The Oscars may be synonymous with Hollywood — but it wasn't always that way.
During the first televised Academy Awards show in 1953, cameras switched between two stages, one in Hollywood and the second in New York City. While Bob Hope hosted the main ceremony at the Pantages Theatre on Hollywood Boulevard, former Academy president Conrad Nagel and actor Fredric March handed out statuettes at the soon-to-be-demolished NBC International Theater in Columbus Circle.
"Bob, we're trying to do as great a Hollywood premiere in New York here as possible," Nagel said in a brief appearance on camera. "Columbus Circle is lined with searchlights. There are thousands of people out there.

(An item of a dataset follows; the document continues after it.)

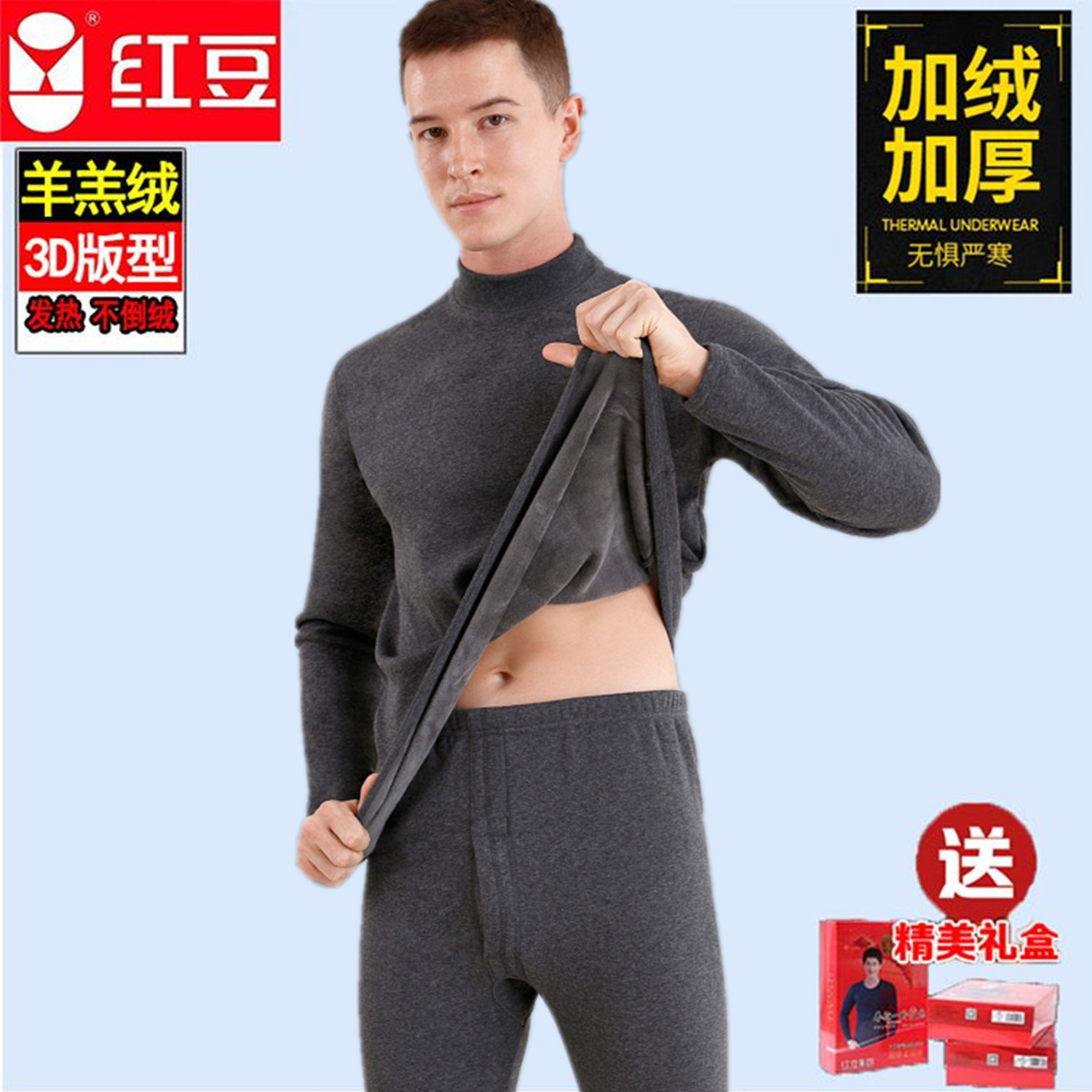 红豆保暖内衣男士加厚加绒中老年人青年高领防寒秋衣秋裤套装冬季

"Incidentally," he added, "we have California weather here too — it's pouring rain."
What the Big Apple lacked in sunshine, it compensated for with talent: award nominees starring in Broadway shows were invited to slip into empty seats among the New York City audience after their curtains fell.
The Oscars' bicoastal broadcast experiment lasted through 1957, when actress Celeste Holm hosted in New York City and the Academy of Motion Picture Arts and Sciences realized that all the fresh, young faces had already migrated to L.A.

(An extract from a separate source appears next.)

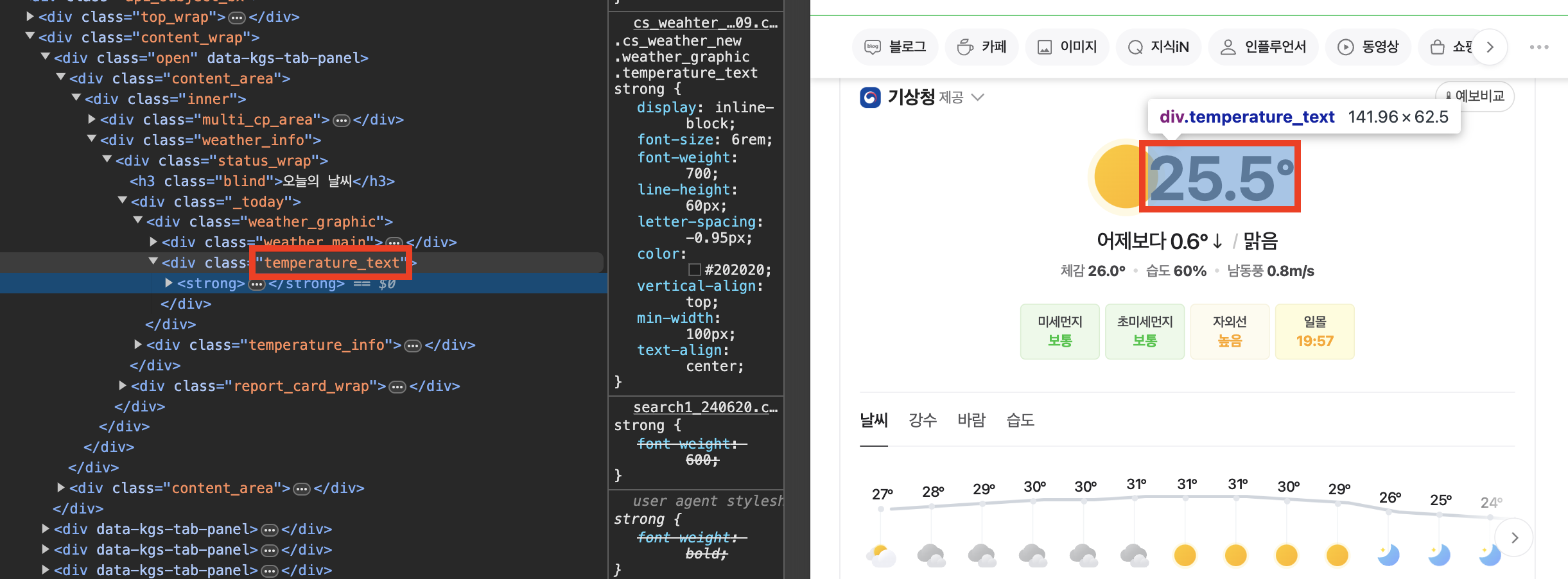 숫자만 가져와야 하니까, 다시 html 태그 들어가서 살펴보면 temperature_text 안에 strong 태그가 있다.

Here's photographic evidence that it actually happened:
A photo of Audrey Hepburn waiting with baited breath among the New York audience in 1954

She ended up winning an Oscar for her performance as the leading actress in "Roman Holiday."

You can see Hepburn receiving her Best Actress award on the large TV screen in Hollywood's Pantages Theatre in the photograph above.

She posed affectionately with the statuette in more than one snapshot. The Oscar was her first.